Ruler of Udaipurwati 1621/1640, Rajasthan

Rao Shri Bhojraj Singh Ji Saheb, was born in 1567 (Bhadwa Sudi 11, samwat 1624), Rao Bhojraj Ji was the ruler of Udaipurwati from 1621 to 1640. (Barau)

==Life==
He was the son of Raja Shri Raisal Ji Saheb of Khandela and his fourth wife, Rani Hansa Kanwar Mertani Ji Sahiba of Merta (daughter of Jagmal Viramdevot of Merta). He received Kosambi region in 1608 as his jagir by his father, where he settled down in 1608 AD (samwat 1665), it was later renamed Udaipurwati, he was granted a mansab of 800 zat and 400 sawars, later raised to 1000 zat and 500 sawars. In 1582 AD (samwat 1639), he represented his father, Raja Raisal in the battle of Kangra.

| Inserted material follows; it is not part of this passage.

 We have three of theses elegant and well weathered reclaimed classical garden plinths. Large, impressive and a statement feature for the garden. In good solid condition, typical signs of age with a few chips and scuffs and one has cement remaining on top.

In 1596, the year of famine, he started the construction of a tank, namely the "Bhoj Sagar" (in Khandela) for the relief of famine sufferers. He constructed the Fort and a famous Bhojbagh Garden.

==Personal life==
Thakur Bhojraj had 3 sons.
Todarmal who succeeded his father as the ruler of Udaipurwati
Rao Bhojraj Ji died c. 1640 at Khandela. He was the ancestor of Bhojraj Ji Ka sect of Shekhawats.